TASK STATEMENT: I'd like the data below restated word for word, with the pictures left out.

AVAILABLE DATA:

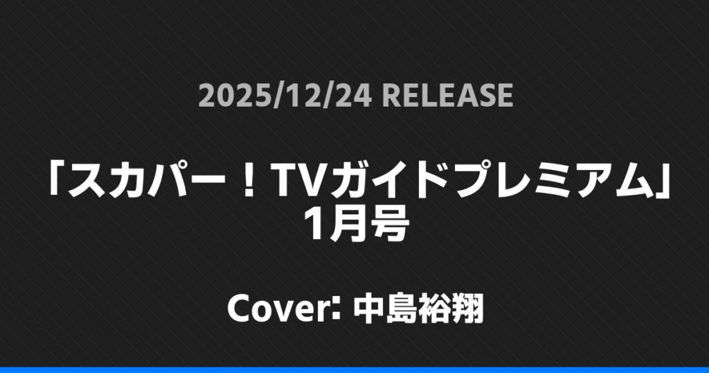 「スカパー!TVガイドプレミアム」1月号表紙は中島裕翔! 無所属 2026.01.24 ※本ページにはプロモーションが含まれています。 商品リンク Amazon 楽天ブックス セブンネット タワーレコード 詳細情報 発売日:2025/12/24 表紙:中島裕翔 「スカパー!TVガイドプレミアム」1月号の表紙は中島裕翔さんです! 「週刊少年サンデー」4-5合併号表紙は京本大我! 「+act.」2月号表紙は木村拓哉! ホーム無所属
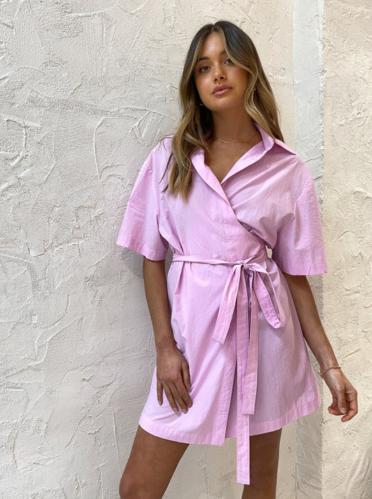 The By Johnny Izzy Cotton Wrap Shirt Dress in Lilac is a classic shirt style silhouette in our Spring colour crush.
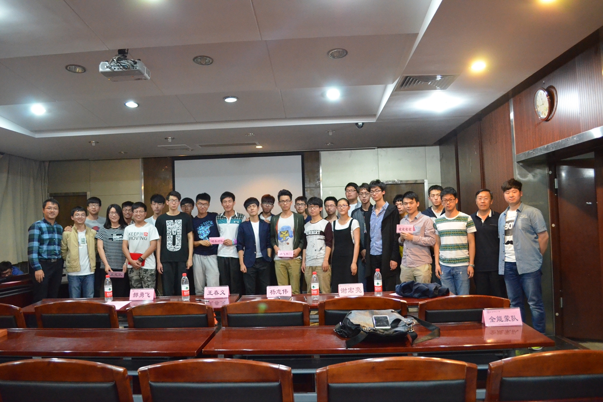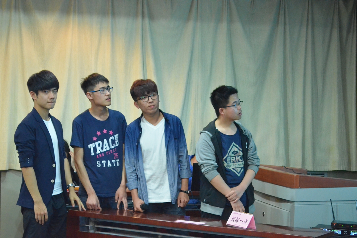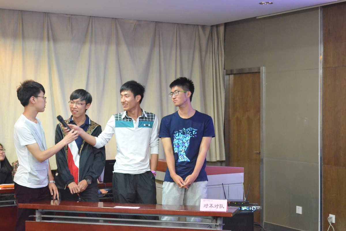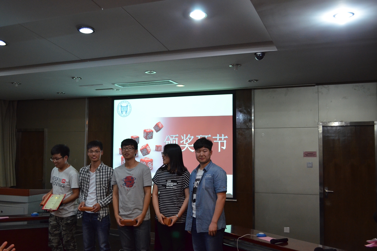 在颁奖环节,谢宏亮同学为“人气之星”团队颁奖;郝勇飞老师为季军团队1306班“霍霍霍霍队”颁奖;杨志伟老师为亚军团队1503班“对不对队”颁奖;王春义老师为冠军团队1406班“小飞熊EX队”颁奖。
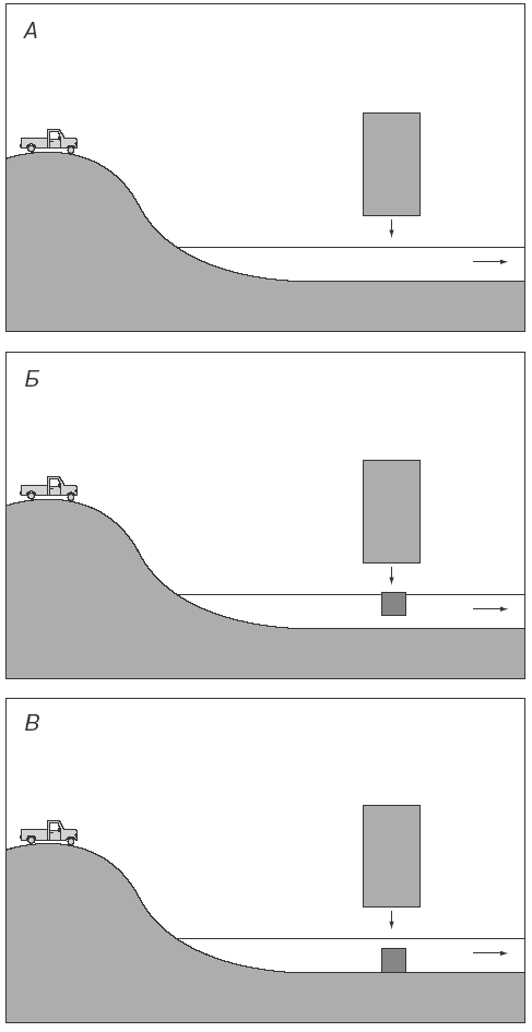 3. В эксперименте с 6-месячными младенцами детям демонстрировалась горка, переходившая в ровный горизонтальный отрезок поверхности, посередине которого располагался экран (рис. 8). Экран опускался, и с горки спускалась игрушечная машинка в направлении экрана, проезжала за экраном, выезжала из-за него и останавливалась в конце отрезка. Результаты показали, что именно в последнем случае (В) младенцы значительно больше времени смотрели на экран. Другими словами, они были удивлены, что машинка проехала за экраном в то время, когда коробка находилась на ее пути.
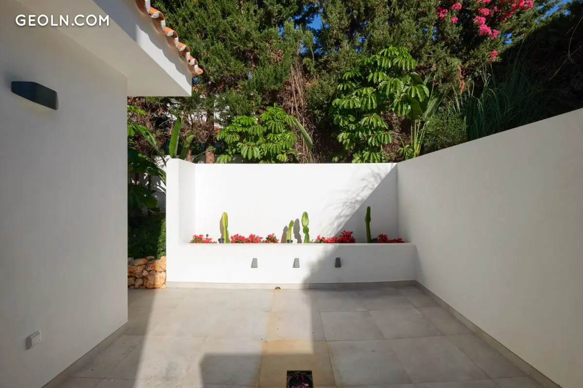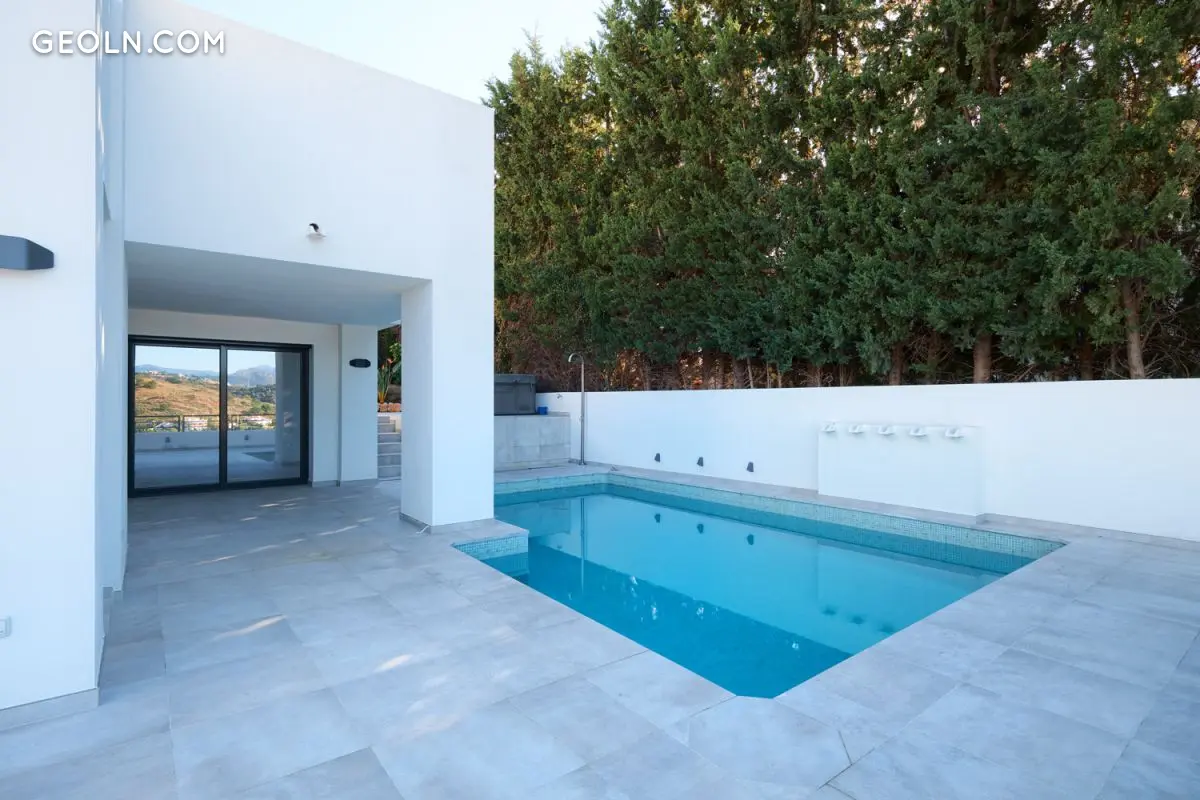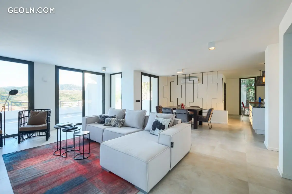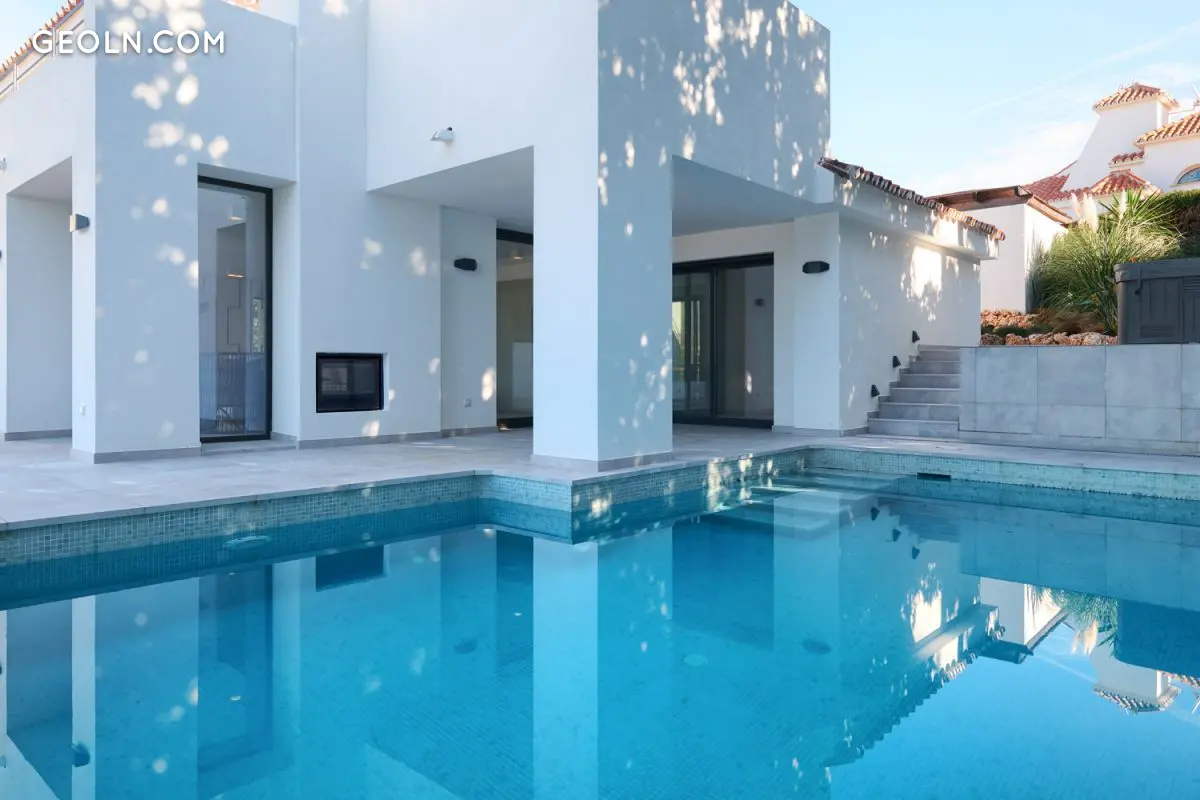 Villa in Nueva Andalucia Quality villa completely renovated located in a unique location in Nueva Andalucia. Southwest orientation, panoramic views of the coast and the Mediterranean Sea. Quiet and secluded home in a gated community. Ground floor with large open plan living and dining area and fully equipped kitchen. Guest bedroom with guest toilet. Direct access to outdoor and covered terraces and private pool. Upper floor: large bedroom with terrace. First floor: two guest bedrooms and bathroom. Private garden with seating area and BBQ. Garage for auto. Just a few minutes drive from all services, golf clubs, Puerto Banus and Marbella.
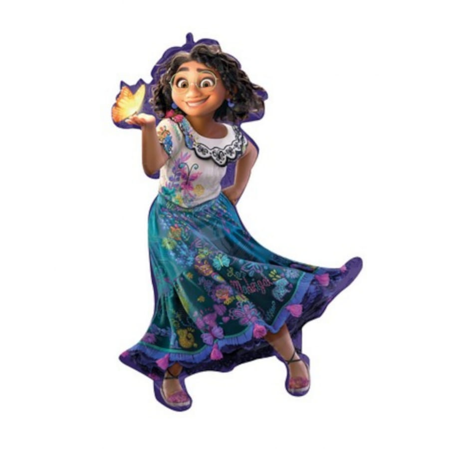 - 1 ballon taille réelle de 91 x 66 cm en aluminum, présentant l'image de Mirabel sur le devant et une silhouette décorée de motifs floraux multicolores.

ANSWER FOR THE TASK:
 「スカパー!TVガイドプレミアム」1月号表紙は中島裕翔! 無所属 2026.01.24 ※本ページにはプロモーションが含まれています。 商品リンク Amazon 楽天ブックス セブンネット タワーレコード 詳細情報 発売日:2025/12/24 表紙:中島裕翔 「スカパー!TVガイドプレミアム」1月号の表紙は中島裕翔さんです! 「週刊少年サンデー」4-5合併号表紙は京本大我! 「+act.」2月号表紙は木村拓哉! ホーム無所属
 The By Johnny Izzy Cotton Wrap Shirt Dress in Lilac is a classic shirt style silhouette in our Spring colour crush.
 在颁奖环节,谢宏亮同学为“人气之星”团队颁奖;郝勇飞老师为季军团队1306班“霍霍霍霍队”颁奖;杨志伟老师为亚军团队1503班“对不对队”颁奖;王春义老师为冠军团队1406班“小飞熊EX队”颁奖。
 3. В эксперименте с 6-месячными младенцами детям демонстрировалась горка, переходившая в ровный горизонтальный отрезок поверхности, посередине которого располагался экран (рис. 8). Экран опускался, и с горки спускалась игрушечная машинка в направлении экрана, проезжала за экраном, выезжала из-за него и останавливалась в конце отрезка. Результаты показали, что именно в последнем случае (В) младенцы значительно больше времени смотрели на экран. Другими словами, они были удивлены, что машинка проехала за экраном в то время, когда коробка находилась на ее пути.
 Villa in Nueva Andalucia Quality villa completely renovated located in a unique location in Nueva Andalucia. Southwest orientation, panoramic views of the coast and the Mediterranean Sea. Quiet and secluded home in a gated community. Ground floor with large open plan living and dining area and fully equipped kitchen. Guest bedroom with guest toilet. Direct access to outdoor and covered terraces and private pool. Upper floor: large bedroom with terrace. First floor: two guest bedrooms and bathroom. Private garden with seating area and BBQ. Garage for auto. Just a few minutes drive from all services, golf clubs, Puerto Banus and Marbella.
 - 1 ballon taille réelle de 91 x 66 cm en aluminum, présentant l'image de Mirabel sur le devant et une silhouette décorée de motifs floraux multicolores.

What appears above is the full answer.